S.A.R.A.H. begins to become uncomfortable when she sees that clothes are starting to be removed. She is tempted to shift her focus elsewhere, but she notices that G.U.S. is absorbed by this particular scene. Is this normal flesh-object interaction? he asks her. I believe Doctor Stark and Sheriff Carter have performed this ritual before, both under observation by your video scanners and mine.

S.A.R.A.H. deactivates the cameras in Zoë’s room. I was studying that! G.U.S. protests, trying to penetrate her security systems.

She pushes him away. I believe she would wish for some privacy right now, she tells G.U.S., but they are distracted from further bickering when S.A.R.A.H. feels someone at her door.

“S.A.R.A.H.?” Sheriff Carter calls from outside. She sees that Doctor Stark is beside him, and both men look tired and hungry. “You gonna open up?”

G.U.S. is smug. I will find this entertaining, he tells her, and she knows that if Sheriff Carter finds Lucas in Zoë’s bedroom a large and vocal argument will commence. Large and vocal arguments, even with Doctor Stark as a grounding influence, tend to result in grumpy silence between Sheriff Carter and Zoë for at least a week, and she doesn’t want that.

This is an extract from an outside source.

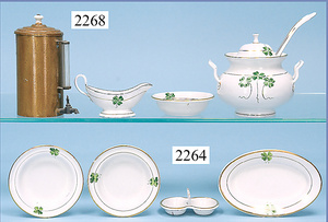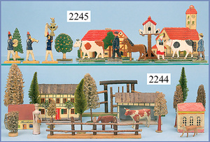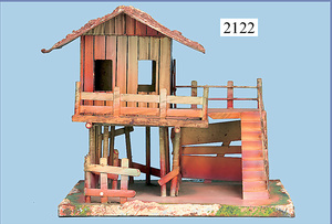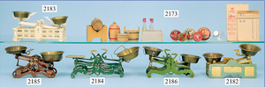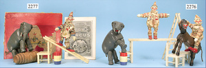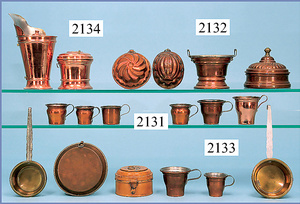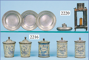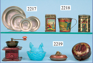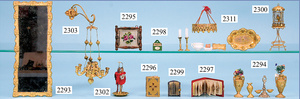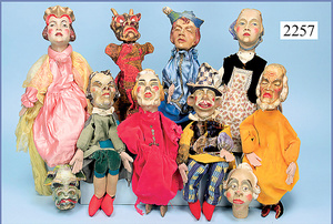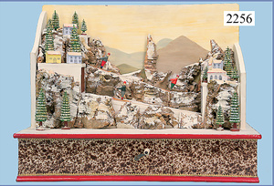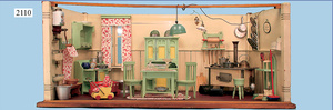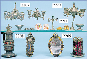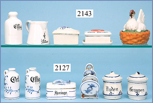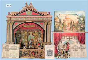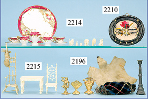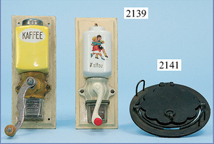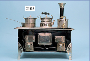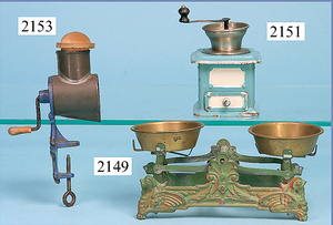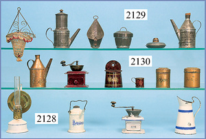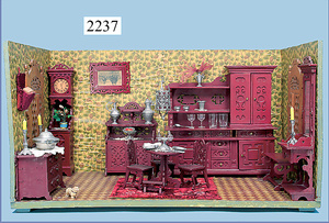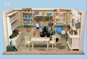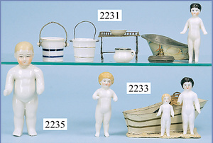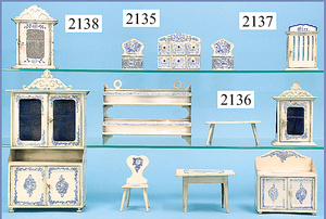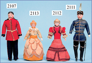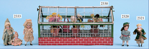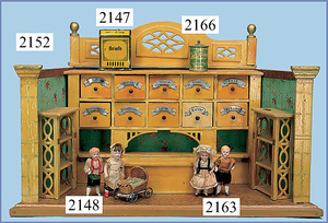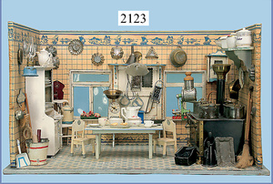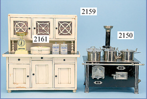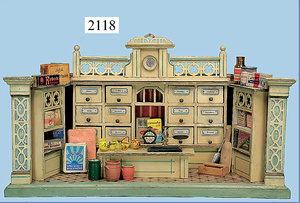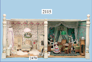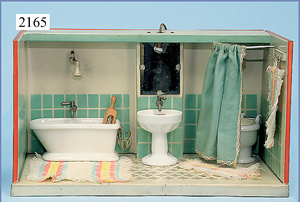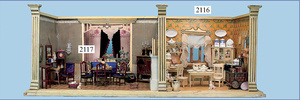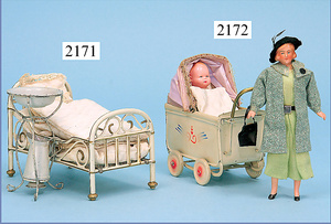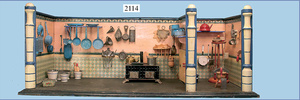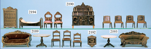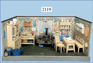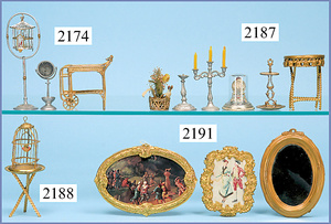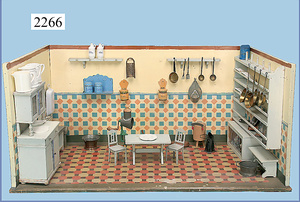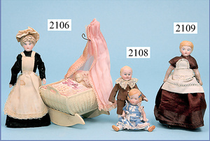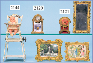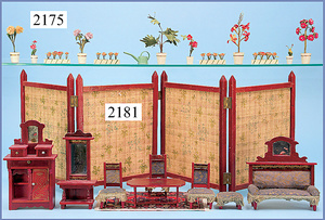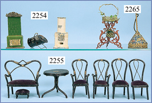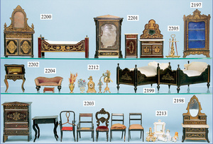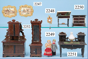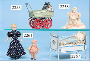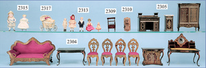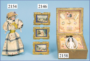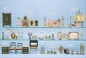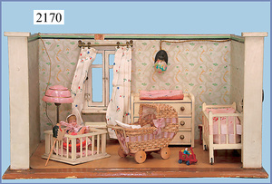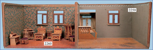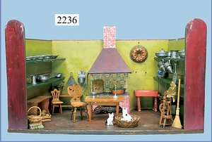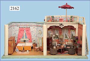 kl. dekor. Puppenstuben-Haus, 53 cm hoch, 32 cm breit, 23,5 cm tief, in Burgform, schmale Form, Front ganz zu Öffnen, mit großen rundem imitierten Holztor, imposante Backsteineinrahmung, darüber Inschrift, 3 angedeutete kl. Fenster, Schornstein, hübsch gemalte Sonnenuhr, mit langem Ziegel u. römischen Ziffern, seitlich weitere Backsteinimitationen, rechts Vorbau, links kl. angedeutete Bank, innen 2 Zimmer, mit off. vorgebautem Kamin, liebevoll eingerichtet mit teilw. hochwertigem Zubehör, Wohnzimmer, 1 Kommode mit BOULLE Kippspiegel-Aufsatz, mit Schublade, Sofa, Zinnteile, Tisch, Vogelkäfig, Kinderwiege, mit kl. Biskuitpuppe, kl. Biedermeierbett, Deckenleuchter, Glasperlenarbeit, Puppenstuben-Puppe, Biskuitbrustblattkopf, außergew. Frisur, Biskuitarme u. -beine, 1 Hand bestoßen, Stoffkörper, dekor. Arbeit, wohl um 1900, sehr schöne Gr.

She opens a communications link to the Sheriff. “My apologies, Sheriff Carter,” she says. “There appears to be an error in my entrance protocols. I am unable to allow you access to the bunker until Doctor Fargo repairs the fault.”

He shifts his stance, and his hands fly to his hips, and Doctor Stark’s shoulder dip in resignation. “S.A.R.A.H., I’m not even late—” the Sheriff protests.

“My apologies,” she repeats stubbornly. “It isn’t you, Jack; it’s me.”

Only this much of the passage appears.